El invierno de su vida lo atravesó sin concesiones ni piedades. Comenzó a descubrir que estaba solo y se supo viejo. La paz no cabía en su alma. Sin afectos ni amigos, se aisló de la vida. Era un paria que vegetaba bajo un techo que sentía extraño.
Abre el ropero y saca una valija chica. Total, por lo poco que tiene que llevar. Algunas ropas, fotos viejas, la máquina de afeitar, un peine y unos pañuelos. Descuelga el impermeable. Vacía la botella y con el último trago siente renacer la energía. Todo esta resuelto. Echa un último vistazo a la casa en la que vivió su abuelo y su padre. En ella nació. La casa de los Linares Cardozo.
En el baño están los dos bidones de nafta. Esboza una sonrisa sin atisbo de alegría. Piensa que la valentía es una forma de violencia. Tiene una última duda antes de tomar el primer bidón. Luego extiende su mano descarnada. Lo destapa.
Comienza a volcarla sobre paredes, muebles y pisos. Con el contenido del segundo empapa una pared tapizada de retratos, la computadora y el viejo sofá. Todo está inventariado. Por último lo vacía sobre la cortina de la ventana que está abierta. El olor es sofocante. Se coloca el impermeable, alza la valija y sale.

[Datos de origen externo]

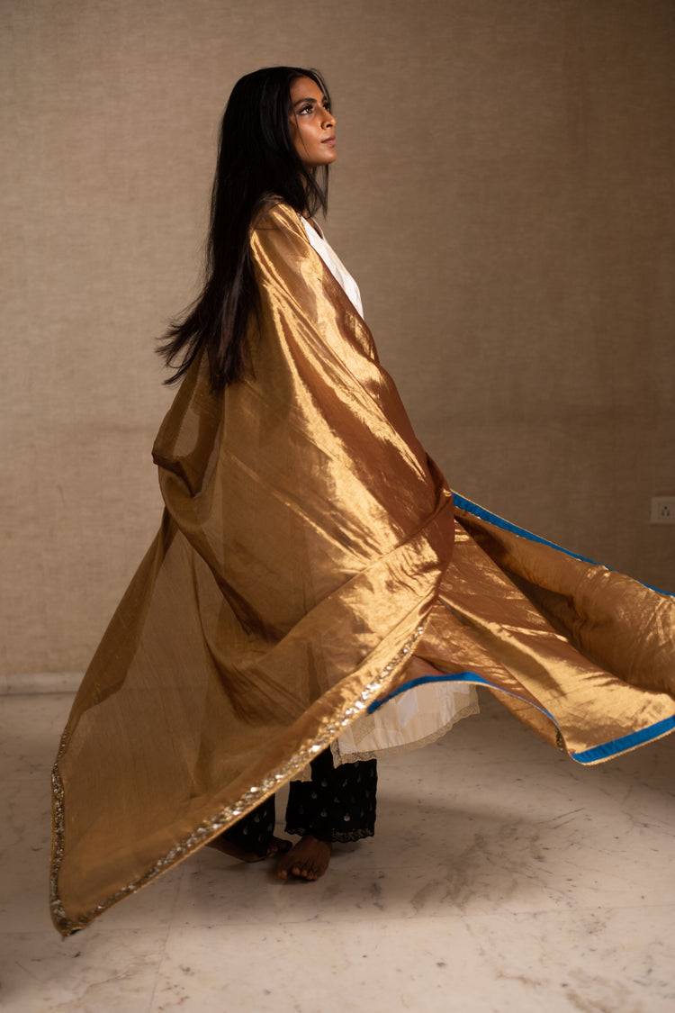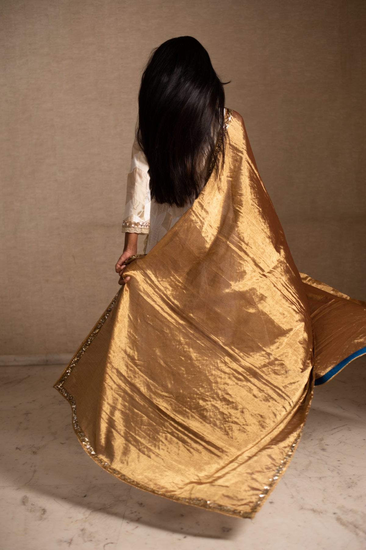 Gold silk tissue chanderi dupatta bordered with hand embroidered sequins

La calle está desierta, el mundo duerme. La casa está allí, desde siempre, imperturbable. Enciende un cigarrillo, protege la llama con el cuenco de sus manos y luego con un gesto ceremonioso tira el fósforo sobre la cortina de la ventana. Se aleja con pasos firmes y seguros. En el juego de luces y sombras alucinadas su rostro aparece y se esfuma en un parpadeo rítmico.

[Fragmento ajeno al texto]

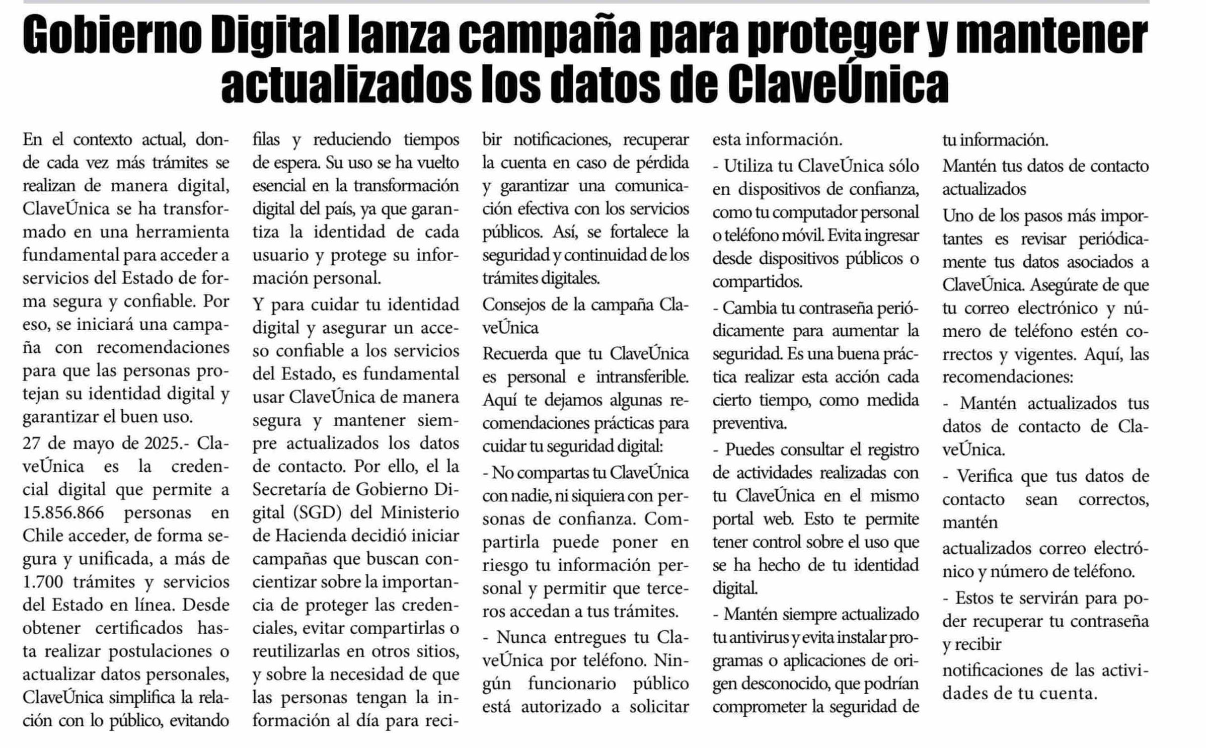 Gobierno Digital lanza campaña para proteger y mantener actualizados los datos de ClaveUnica 29-05-2025 El Lector |

Luego escucha gritos, exclamaciones, sirenas. Gira la cabeza y ve el incendio que juega con sus llamas rojas y azuladas como espadas. En un instante se consumen deudas, hipotecas y subastas. En ese momento escucha una explosión y ve como se derrumba el techo. Estalló la garrafa de la cocina, piensa.
Primero fue una sonrisa, después una risa que se expandió en círculos, para terminar con una carcajada explosiva. Apoya la valija en la vereda y con sus brazos libres hace un solemne corte de manda. " De acá van a colgar la bandera colorada " grita con la alegría de un niño. Dobla una esquina, salta un charco, levanta el cuello de su abrigo y se hunde en la sombra pudorosa.